T 0677/90 17-05-1991
Process for the preparation of 2,4-Dihydroxybenzo- phenonen
Patent revoked as consequence of Patentee stating
"Patentee does not wish to maintain the Patent
I. In a decision dated 11 July 1990 the Opposition Division rejectedthe Opposition filed against European patent No. 0 154 092 granted upon the subject-matter of European patent application No. 84 308 973.1.
II. The Appellant (Opponent) appealed against the decision and filed a Statement of Grounds in which he requested that the patent be revoked.
III. In a letter dated 19 April 1991 the representative of the patent proprietor stated i.a. "The patentees have decided for commercial reasons that they do not wish to maintain this European patent", adding that they would not file any submission nor defend the appeal. In a second letter dated 8 May 1991 (upon enquiry from the Registry of the Boards of Appeal) the representative stated i.a. "In order to deal with the matter in an expeditious manner, the patentees will not object if the Appeal Board sees fit to revoke the Patent without further consideration".
1. The appeal complies with Articles 106 to 108 and Rule 64 EPC and is admissible.

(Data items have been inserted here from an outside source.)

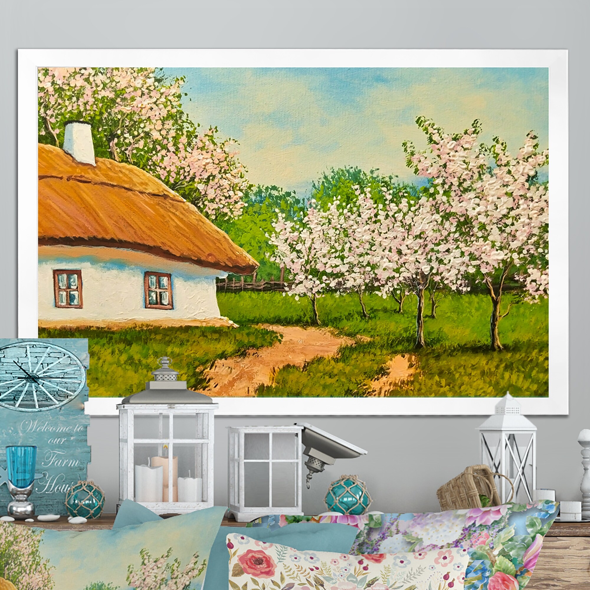 Designart "Spring Landscape House" Traditional Framed artwork
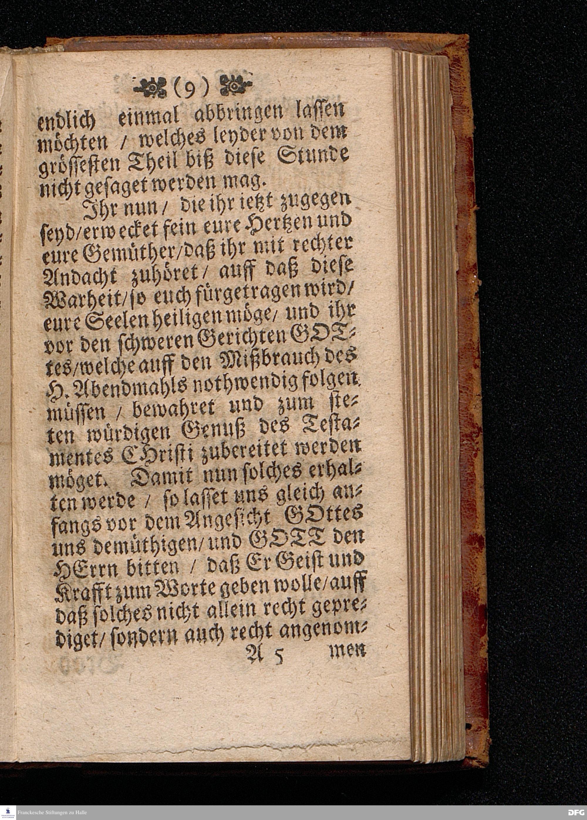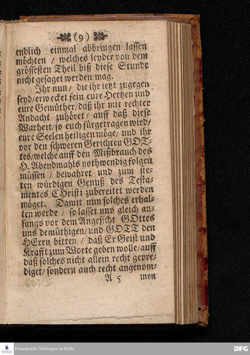 Der Unverantwortliche Mißbrauch des H.Abendmahls In der Evangel.Kirchen / In einer Predigt über I.Cor.XI, 23-33. Am Grünen Donners=Tage ANNO 1699. fürgestellet / und Zu wohlgemeinter Erweckung Der meisten Lehrer u. Zuhörer / die in solchem Mißbrauch so sicher dahin gehen / zum andern mal ans Licht gegeben von M.August Hermann Francken / SS.Theol.Gr.& OO.LL.PP.Ord.& P.Glauch. HALLE / Gedruckt bey Christian Henckeln / Univers.Buchdr. 1699.
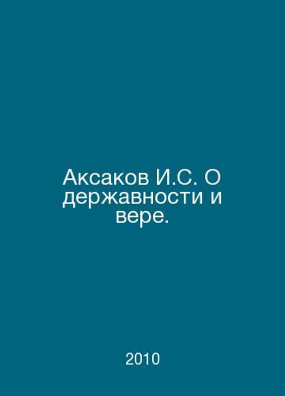 Aksakov I.S. On Power and Faith. In Russian /Aksakov I.S. O derzhavnosti i vere. Minsk Belarusian Exarchate 2010.Contact us for details or to request photos of available books. Delivery of this book could take longer than normal due to additional handling time before shipping, and no rush delivery options are available. Please let us know if you have a specific date by which you need to receive your order.SKUalbe5fdc28087482513
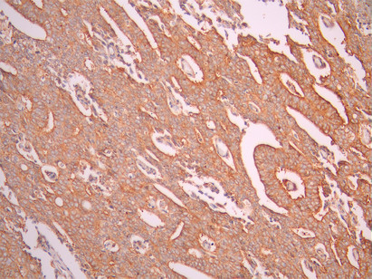 IHC image of CSB-RA582013A0HU diluted at 1:100 and staining in paraffin-embedded human prostate cancer performed on a Leica BondTM system. After dewaxing and hydration, antigen retrieval was mediated by high pressure in a citrate buffer (pH 6.0). Section was blocked with 10% normal goat serum 30min at RT. Then primary antibody (1% BSA) was incubated at 4°C overnight. The primary is detected by a Goat anti-rabbit polymer IgG labeled by HRP and visualized using 0.05% DAB.
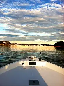 Lake Hartwell is a man-made reservoir bordering Georgia and South Carolina and encompassing parts of the Savannah, Tugaloo, and Seneca rivers. Lake Hartwell is one of the Southeastern United States' largest recreation lakes. The lake was created by the construction of the Hartwell Dam, completed in 1962 and located on the Savannah River seven miles (11 km) below the point at which the Tugaloo and Seneca Rivers join to form the Savannah. Extending 49 miles (79 km) up the Tugaloo and 45 miles (72 km) up the Seneca at normal pool elevation, the lake comprises nearly 56,000 acres (230 km2) of water with a shoreline of 962 miles (1,548 km). The entire Hartwell "Project" contains 76,450 acres (309 km2) of land and water. I-85 bisects Hartwell Lake and makes the area easily accessible to visitors.[3]
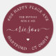 Modelo de etiqueta de endereço simples, elegante, redondo de casamento ou de retorno de noivado com tipografia branca em fundo de burgundy profundo. A cor de fundo é selecionável livremente no nível de design. Estas etiquetas de endereços na moda, fáceis de personalizar, contêm o texto "A futura senhora e o senhor", o endereço do casal, o nome numa fonte moderna de caligrafia com espirais, e um pequeno símbolo cardíaco. Entre em contato comigo se precisar de assistência ou de produtos adequados © y.BEE WEDDINGS
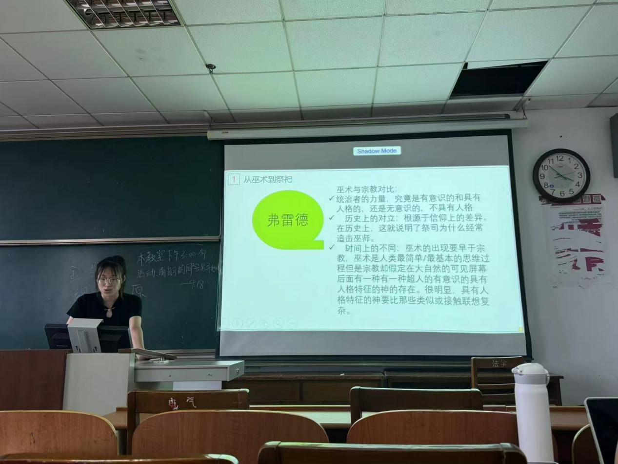 24级李云秀同学以原始思想基础的情感的统一性为切入点分享《古代宗教与伦理—儒家思想问题的根源》一书,为了说明作为原始思想基础的情感的统一性,卡西尔提出了“生命一体化”的观念。随后,她就“生命一体化”的观念与大家进行互动交流。
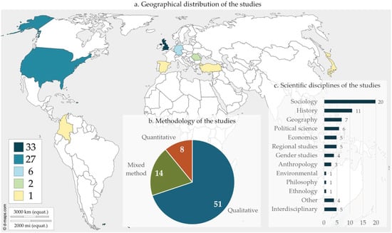 (a) Country distribution, (b) methodologies of the studies, and (c) scientific disciplines. Source: Own depiction, global map from d-maps [48].
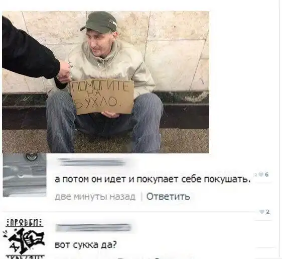 видел таких. просят на бухло, а вместо этого чебуреки с дошираками жруть... кругом на*балово...
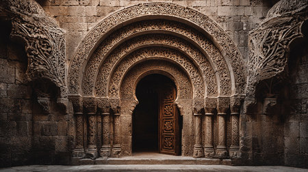Bright sunlight pours through an arched doorway in a weathered stone structure, creating a warm glow on the floor. The scene captures a moment of serenity, highlighting architectural beauty.
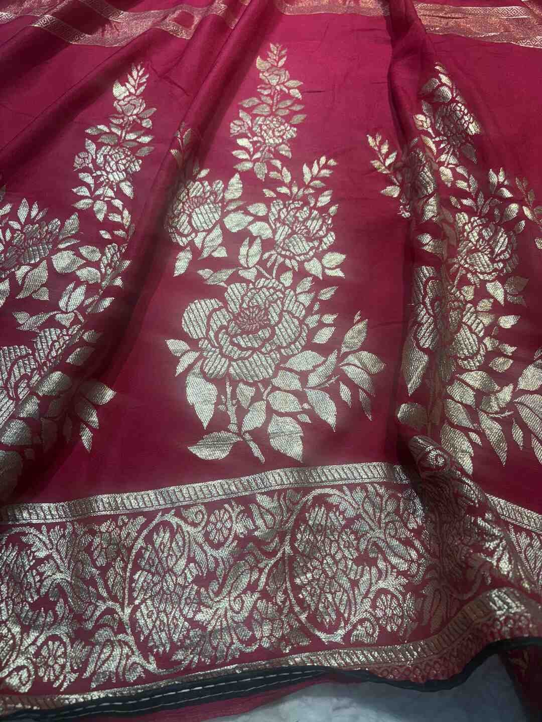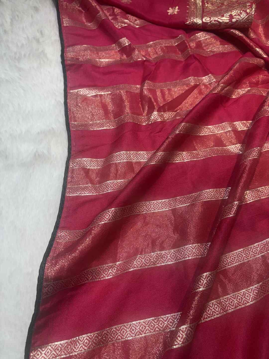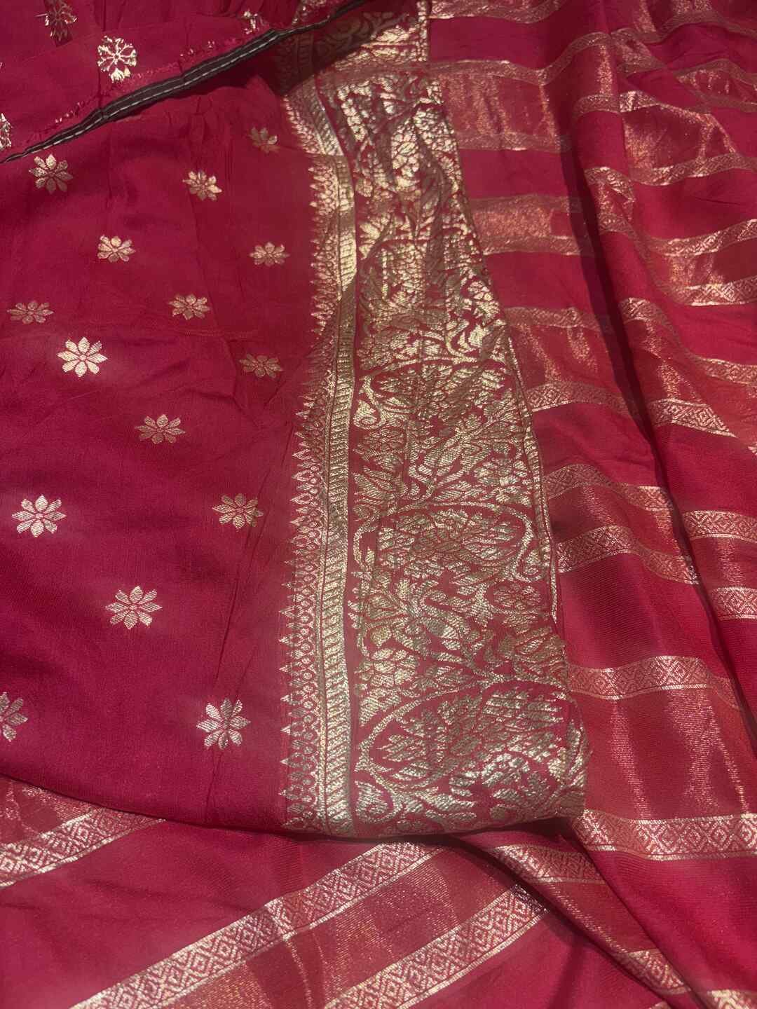 A stunning fusion of artistry: The timeless charm of Banarasi weaving comes alive on soft Silk fabric, creating a rich, graceful drape that feels traditional, regal, and effortlessly luxurious.
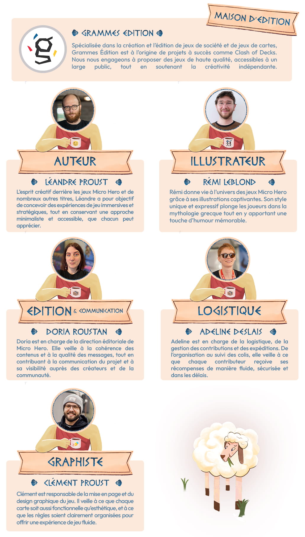 Soutenir cette campagne MICRO HERO, c’est rejoindre un projet ambitieux et accessible, porté par une équipe expérimentée. Avec plusieurs campagnes Kickstarter réussies à notre actif dont MICRO HERO Hercules et trois saisons de Clash of Decks nous avons déjà démontré notre capacité à livrer des projets de haute qualité, dans les délais. Chaque étape du processus créatif game design, illustrations, design graphique, édition et relecture est assurée par une petite équipe interne et un réseau de collaborateurs freelances, tous passionnés par leur métier.
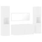 Badkamermeubelset met bewerkt hout en minimalistische spiegel
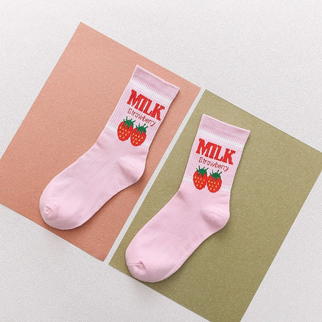 Ces chaussettes kawaii Fruits et Lait complètent parfaitement toutes vos tenues ! Confectionnées dans un mélange de coton doux et confortable, elles arborent un adorable motif de tranches de fruits et de briques de lait. Chaque chaussette a un motif différent, ce qui en fait un accessoire amusant et unique.
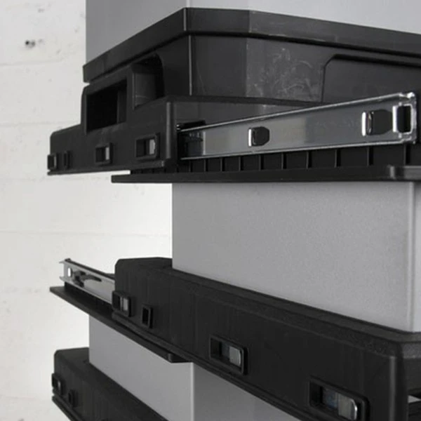 Багатосекційна металопластикова консольна система великого об'єму 568x893x389 мм, з колесами. Знімний верхній ящик з лотком, дві висувні секції та великий металопластиковий блок зберігання з колесами. Поєднання переваг пластику із міцністю металу. Конструкція для одночасного доступу до всіх відділень зберігання.
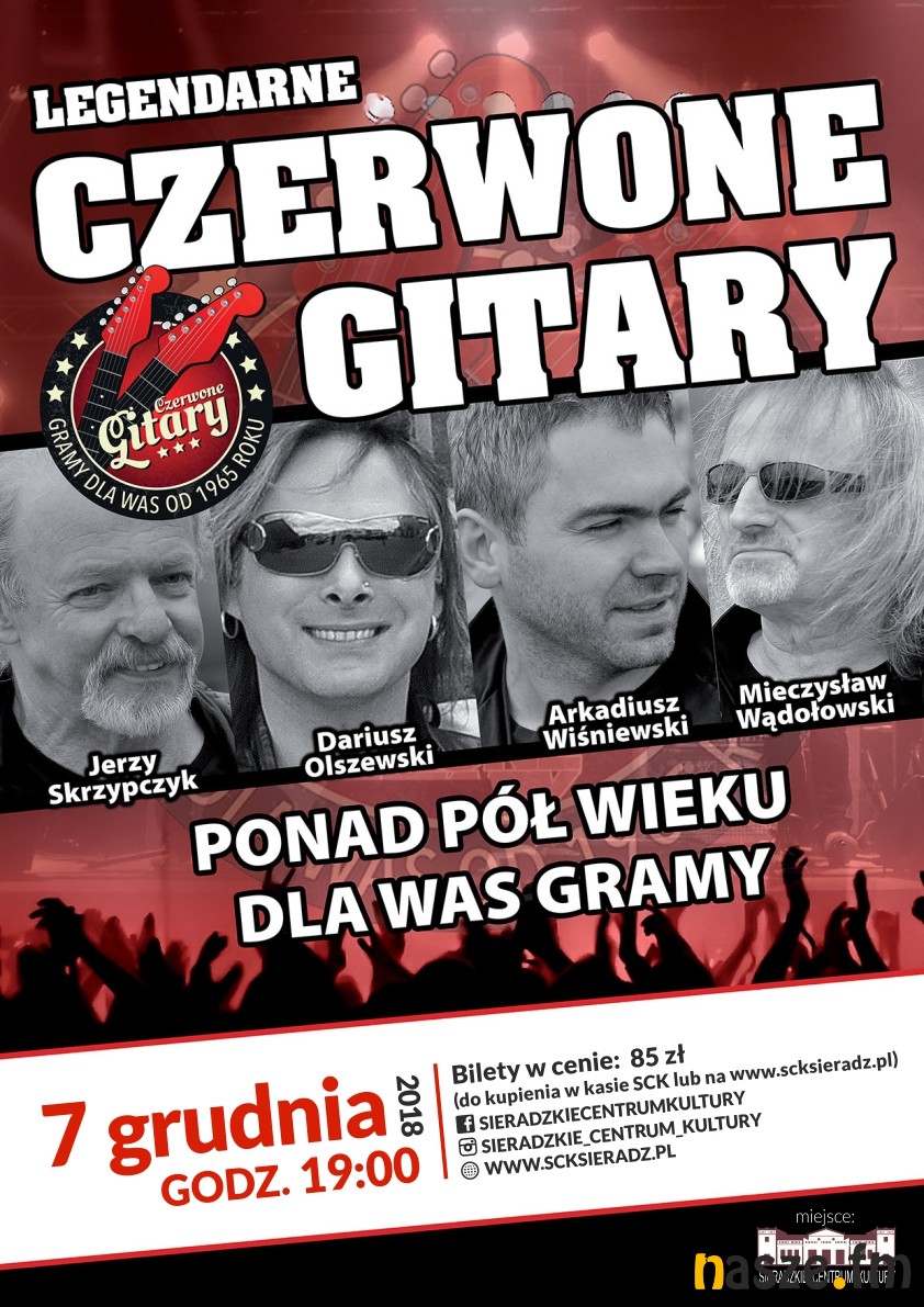 Nazwali się Czerwone Gitary, bo taki był kolor gitar, na których grali, a grają od ponad pół wieku. Zespół wystąpi z koncertem w Teatrze Miejskim w Sieradzu w piątek 7 grudnia. Początek o godz. 19:00.
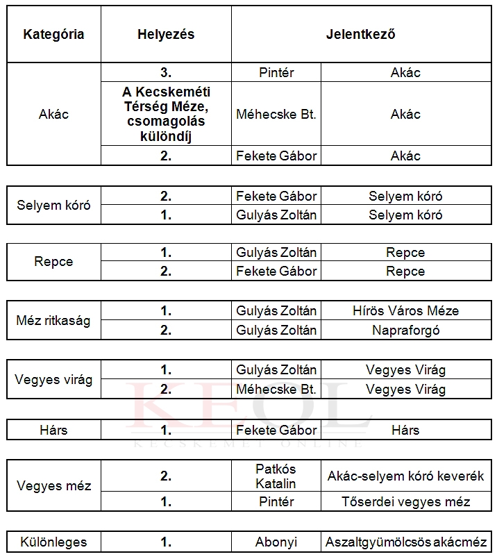 Az Aranyhomok Kistérségfejlesztési Egyesület és az Országos Magyar Méhészeti Egyesület Észak-Bács-Kiskun megyei szervezete által meghirdetett mézversenyen három kategóriában lehetett indulni: fajtaméz, vegyesmézek és mézkülönlegességek.
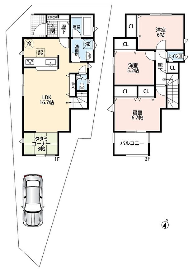 | 間取り | 3LDK | 建物階 | 木造2階建(軸組工法) |

2. Regarding the possibilities and/or limitations for patentees wishing to waive their patent rights ab initio, i.e. to ensure that no rights remain, not even for the period from the filing of the application to the grant of the patent, or to the date when the revocation took effect, the development within the EPO of a principle has undergone several separate stages, taking into account various issues of importance as they arose.
At an early stage in the history of the EPO it was established that a patent has to be revoked, if the patentee states in opposition procedures that he no longer approves the text in which the patent was granted (Legal Advice No. 11/82, OJ EPO 1982, 57 and T 73/84, OJ EPO 1985, 241). This has been confirmed by various later decisions, i.a. T 186/84, OJ EPO 1986, 79).
T 186/84 took a further step in developing principles regarding revocation at the request of the proprietor. The Board of Appeal in that decision held that a request for revocation was in substance the same as stating disapproval of the text of the patent as granted. This caused any substantive examination of the grounds for opposition to become superfluous as well as impossible, since there was no longer any valid text of the patent.
Another aspect of this issue was addressed in T 237/86, OJ EPO 1988, 261, i.e. the question of how to ensure that the intention of the proprietor is correctly interpreted by the EPO so as not to lead to revocation against his will. The decision held that a statement saying "we herewith abondon the above patent" was equivalent to a request for revocation. A statement to the effect that the subject application was "withdrawn" was in T 264/84 interpreted as meaning that the patentee no longer wished his patent to be maintained and thus as a request for revocation. The same interpretation was given to the same wording by another Board in T 415/87 of 27 June 1988 (not published). The principle which thus far had emerged was confirmed in T 459/88, OJ EPO 1990, 425 where this Board noted that there could scarcely be any more cogent reason for revoking a patent, since it cannot be in the public interest to maintain a patent against its proprietor's will, furthermore both parties to the proceedings had agreed to the revocation.
It is fair to conclude, then, that 1) revocation on request by the proprietor was established routine procedure and 2) that no matter the wording of such a request, if it could be interpreted as a clear request for revocation, the EPO would act accordingly.
3. The issue to be solved in the present case is, whether or not the intention of the proprietors is clearly expressed in a way to leave no doubt that he wants his patent revoked. In this regard the Board would like to observe that, given the first letter, there seems to be no doubt, since the patentees have used the formula accepted in earlier cases, i.e. the patentees "do not wish to maintain this European patent". Further, this was confirmed by the statement in the second letter that the patentees would not object to revocation without any further consideration.
All in all, given the express intention that the patentees do not wish their patent to be maintained, which was not retracted by the second letter, the Board finds that the statement taken together have to be construed as meaning that the Respondent agrees that the patent be revoked (cf. decision T 92/88 of 19 July 1991, not published).
4. The Board can, therefore, in the exercise of its power under Article 111(1) EPC decide to revoke the European patent (see Decision T 237/86, OJ EPO 1988, 261).
For these reasons, it is decided that:
The decision of the Opposition Division dated 11 July 1990 is set aside and European patent No. 0 154 092 is revoked.